Exercise brief –
The material below is to be copied exactly from the line with "Ближе к берегу" up to and including the line with "Real Photos Jewel", with nothing else kept and no pictures.
━━━━━━━━
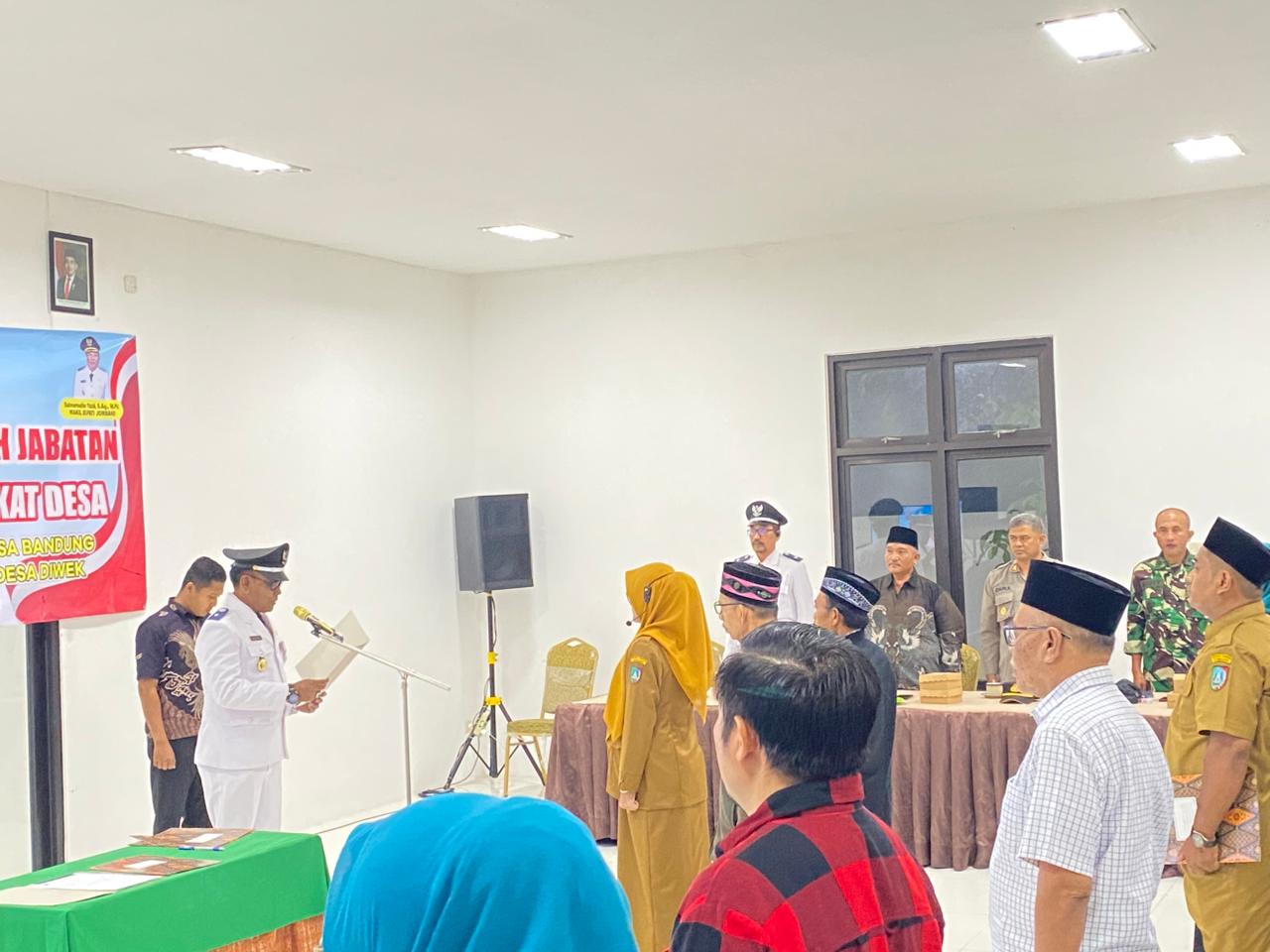 Kegiatan ini merupakan bagian dari proses pengisian perangkat desa guna mendukung kelancaran penyelenggaraan pemerintahan desa serta meningkatkan kualitas pelayanan kepada masyarakat. Adapun perangkat desa yang dilantik berasal dari Desa Bandung dan Desa Diwek
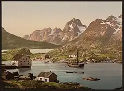 Ближе к берегу лежит большой ледник Свартисен (Svartisen, 65 км длины, площадью более 1000 км², 1097 м высоты). Только западный склон горы принадлежит Норвегии, остальная же часть, по ту сторону высочайшего горного хребта, шведская. От внутренних углов морских заливов граница королевства проходит местами всего в 20—30 км, а в одном месте — даже в 15 км. Важнейшими фьордами на этом берегу являются Бальс (ниже Лингена), Маланген, Офотен, Сальтен, Рана и Вефсен. Перед материком расположены многочисленные и в основном крупные гористые острова; севернее других лежит большая группа островов Вестеролен, из которых группа островов Лофотен далеко выходит в море.
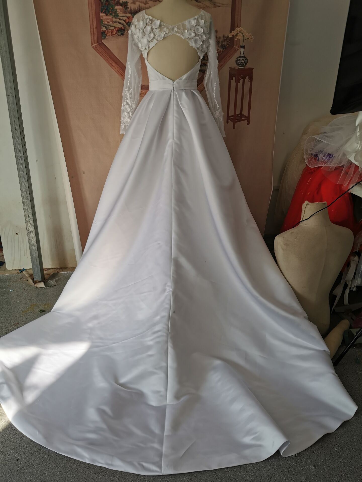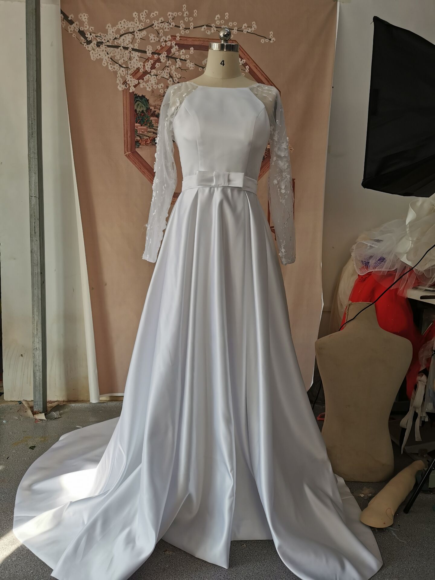 Real Photos Jewel Neck Long Sleeves Wedding Dresses A Line Satin Bridal Dress with Open Back Affordable Wedding Gowns
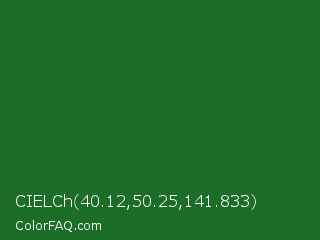 CIELCh 40.12,50.25,141.833 Color is a dark green color and the nearest color is La Salle Green #087830. Hex code #1b6d28 and RGB value is rgb(27,109,40). In RGB color space, this color is composed of 11% red, 43% green, 16% blue, In CMYK color space, this color is composed of 75% cyan, 0% magenta, 63% yellow , 57% black , In HSL color space, this color has a hue angle of 130° , 60% saturation and 27% lightness.
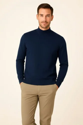 • Męski sweter dzianinowy z półgolfem, miękka, teksturowana bawełna o drobnym splocie, długie rękawy, wygodny, regularny krój - granatowy
━━━━━━━━
Solution to this problem –
 Ближе к берегу лежит большой ледник Свартисен (Svartisen, 65 км длины, площадью более 1000 км², 1097 м высоты). Только западный склон горы принадлежит Норвегии, остальная же часть, по ту сторону высочайшего горного хребта, шведская. От внутренних углов морских заливов граница королевства проходит местами всего в 20—30 км, а в одном месте — даже в 15 км. Важнейшими фьордами на этом берегу являются Бальс (ниже Лингена), Маланген, Офотен, Сальтен, Рана и Вефсен. Перед материком расположены многочисленные и в основном крупные гористые острова; севернее других лежит большая группа островов Вестеролен, из которых группа островов Лофотен далеко выходит в море.
 Real Photos Jewel Neck Long Sleeves Wedding Dresses A Line Satin Bridal Dress with Open Back Affordable Wedding Gowns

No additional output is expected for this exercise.